Tiffany gasped, her hand flying to her throat. "What are you talking about?" she asked.
"Yes, what are you talking about?" Victoria asked.
Thomas ignored his sister. "How's your dad's little remodel coming, Tiffany?"
"Terribly," Tiffany said, looking pitifully grateful for a change of topic. "There are all these horrible picketers harassing him all day."
"Awful," Thomas agreed. "I guess he really needs those offices, doesn't he? Now that he has a new company to find room for."
Tiffany blanched. "Now, Thomas, you know I didn't have anything to do with that."
"I never said you did, did I? How nice of you to suggest the possibility."
Victoria cleared her throat with an imperiousness that would have done credit to her namesake. "Will you two cease with this useless bickering? Tiffany, go pack your bags. Thomas doesn't want you, and I don't have time for any more of this stupidity. I've got a production to start rehearsing. I need to get back to the States."

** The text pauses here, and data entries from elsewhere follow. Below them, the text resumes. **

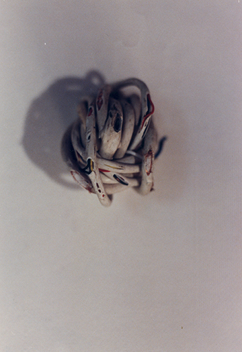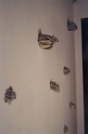 De la pared de una habitación emergen, como quistes, los cuerpos apelotonados de cables viejos, dañados, podridos. Han perdido su blancura y ahora muestran sus tripas, aquello que a priori deben guardar con celo bajo una cobertura profiláctica. Disgregados por el espacio, se presentan como tumores sin comunicación. Con todo ello, Martínez Oliva hace referencia a la pandemia del sida, al sarcoma de Kaposi y a todos los cuerpos que, a causa del VIH-sida, progresivamente, se descomponen de una manera trágica e irremediable.
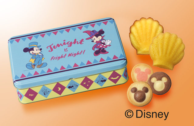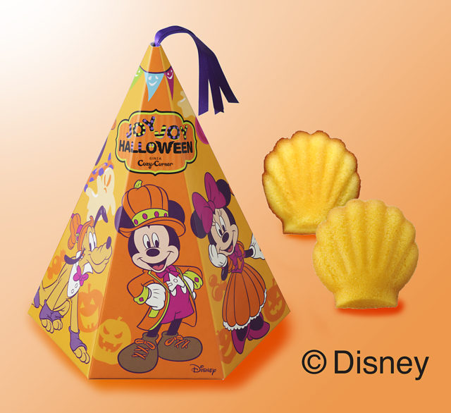 やさしい甘みのマドレーヌとかぼちゃマドレーヌを、ハロウィンコスチュームのミッキー&フレンズがデザインされたとんがり帽子形のパッケージに詰め合わせました。食べたあとは、底面を切り取ってパーティー帽子として使えるようになっています。
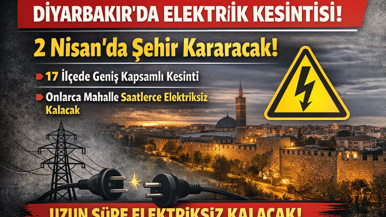 Diyarbakır’da 2 Nisan Perşembe günü birçok ilçe ve mahallede elektrik kesintisi yaşanacak. Dicle Elektrik tarafından yapılan planlamaya göre kesintiler bakım, onarım ve altyapı çalışmaları kapsamında gerçekleştirilecek.
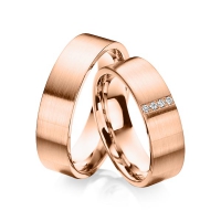 Set trouwringen van Steinberg in roségoud 14 kt. Oppervlakte: gematteerd met in totaal 0,04 ct. Briljant tw/si (Product 1 met steenzetting Product 2 zonder steenzetting)
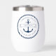 Thermalwäscher mit einem Anker mit einem Bandbanner und individualisierbarem Titel. Fügen Sie oben Ihren Namen und unten Ihren Bootsnamen hinzu. Um den Anker und den Text ist ein runder Seilstreifen. Dunkelblaues Design auf weißem Hintergrund.
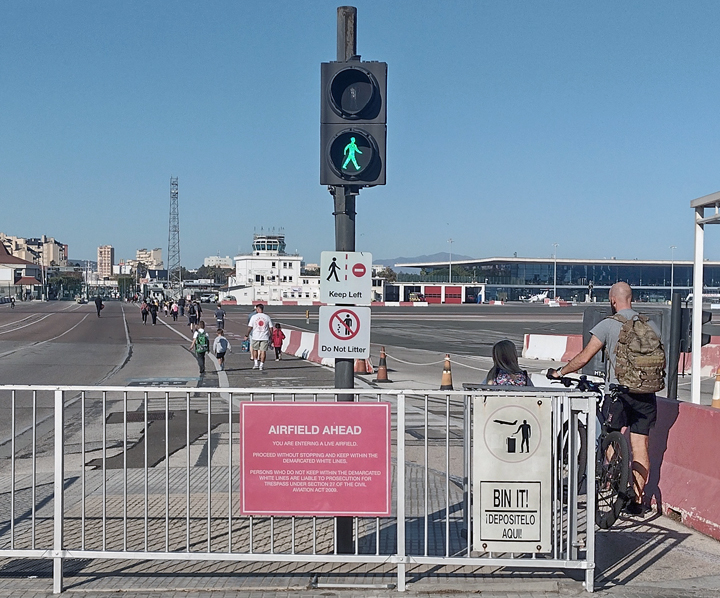 pedestrian crossing, the frontier and La Linea de la Conception, Spain.
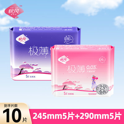 软风研究社 至柔天鹅绒卫生巾 日用1包+夜用1包 日用245mm5片*1包+夜用290mm5片*1包
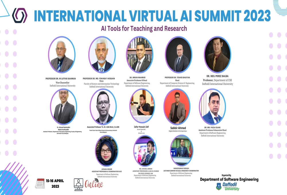 International Virtual AI Summit 2023 on 15th and 16th April, 2023 organized by the Department of Software Engineering, DIU.
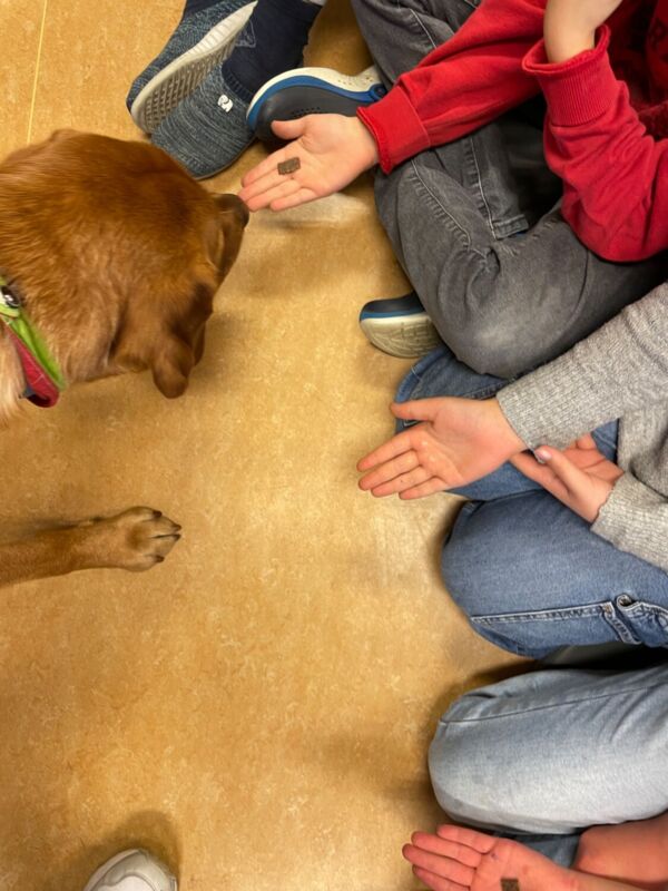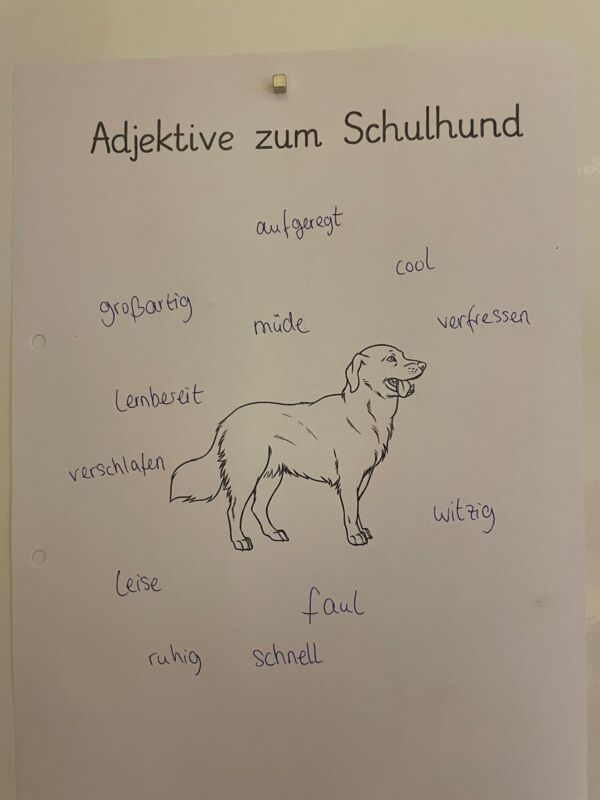 Gemeinsam lernten die Kinder das Adjektiv als neue Wortart kennen und sammelten gleich eine Vielzahl an Adjektiven, mit denen sie den Geburtstagshund beschreiben konnten. Während in der letzten Stunde eine Geschichte vorgelesen wurde, durften die Kinder ihn nacheinander streicheln und den Unterrichtstag mit einer Leckerchen-Runde abschließen.
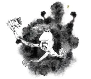Ainsi, la souffrance s’exprime ici par le biais d’êtres ou d’animaux conçus au hasard des envies, à l’apparence non pas difforme, mais bel et bien monstrueuse, comme sont monstrueuses les conséquences de la guerre et des violences de nos sociétés modernes. Le décor, flou, vaporeux, vient poser un espace à l’ambiance morne, sentant la mort et la destruction.
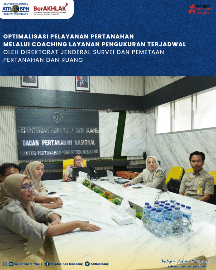 Rembang, – Dalam rangka meningkatkan kualitas dan kepastian layanan kepada masyarakat, Kantor Pertanahan Kabupaten Rembang mengikuti kegiatan Coaching Layanan Pengukuran Terjadwal yang diselenggarakan oleh Direktorat Jenderal Survei dan Pemetaan Pertanahan dan Ruang pada Senin (02/03/2026). Kegiatan ini dilaksanakan secara daring dan diikuti oleh Kepala Kantor Pertanahan Kabupaten Rembang beserta Pejabat Pengawas, Koordinator Kelompok Substansi (KKS), serta staf Pengukuran.

Ian turned to Thomas. "She's a player?"
"Runs her own theater troupe," Thomas said. "Off-off-off-off-off Broadway. It's so far off, there's no traffic stopping you from getting there. But," he added, staving off what he was sure would have been a colossal barb thrown from his sister, "it's actually really good theater." He smiled at his sister. "How'd you like a change of scenery? I've got a great backdrop for you."